Within a for loop, I am trying to run a function between two columns of data in my data frame, and move to another data set every interation of the loop. I would like to output every output of the for loop into one vector of answers.
I can't get passed the following errors (listed below my code), depending on if I add or remove row.names = NULL to data <- read.csv... part of the following code (line 4 of the for-loop):
** Edited to include directory references, where the error ultimately was:
corr <- function(directory, threshold = 0) {
The above code/ my unseen directory organzation was where my error was
lookup <- complete("specdata")
files <-list.files(full.names="TRUE") #read file names
len <- length(files)
answer2 <- vector("numeric")
answer <- vector("numeric")
dataN <- data.frame()
for (i in 1:len) {
if (lookup[i,"nobs"] > threshold){
# TRUE -> read that file, remove the NA data and add to the overall data frame
data <- read.csv(file = files[i], header = TRUE, sep = ",")
#remove incomplete
dataN <- data[complete.cases(data),]
#If yes, compute the correlation and assign its results to an intermediate vector.
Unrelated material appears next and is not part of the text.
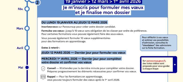 Parcoursup : des vœux à formuler à partir du mercredi 15 janvier. Date limite : jeudi 13 mars 2025 Possibilité de compléter le dossier et confirmer les vœux jusqu’au 2 avril 2025 Lire la suite

answer2 <- c(answer2,answer)
setwd("../") return(answer2) }
1) Error in read.table(file = file, header = header, sep = sep, quote = quote, : duplicate 'row.names' are not allowed
2) Error in [.data.frame
(data, , 2:3) : undefined columns selected
What I've tried
- referring to the column names directly "colA"
- initializing data and dataN to empty data.frames before the for loop
- initializing answer2 to an empty vector
- Getting an better understanding on how vectors, matrices and data.frames work with each other
** Thank you!**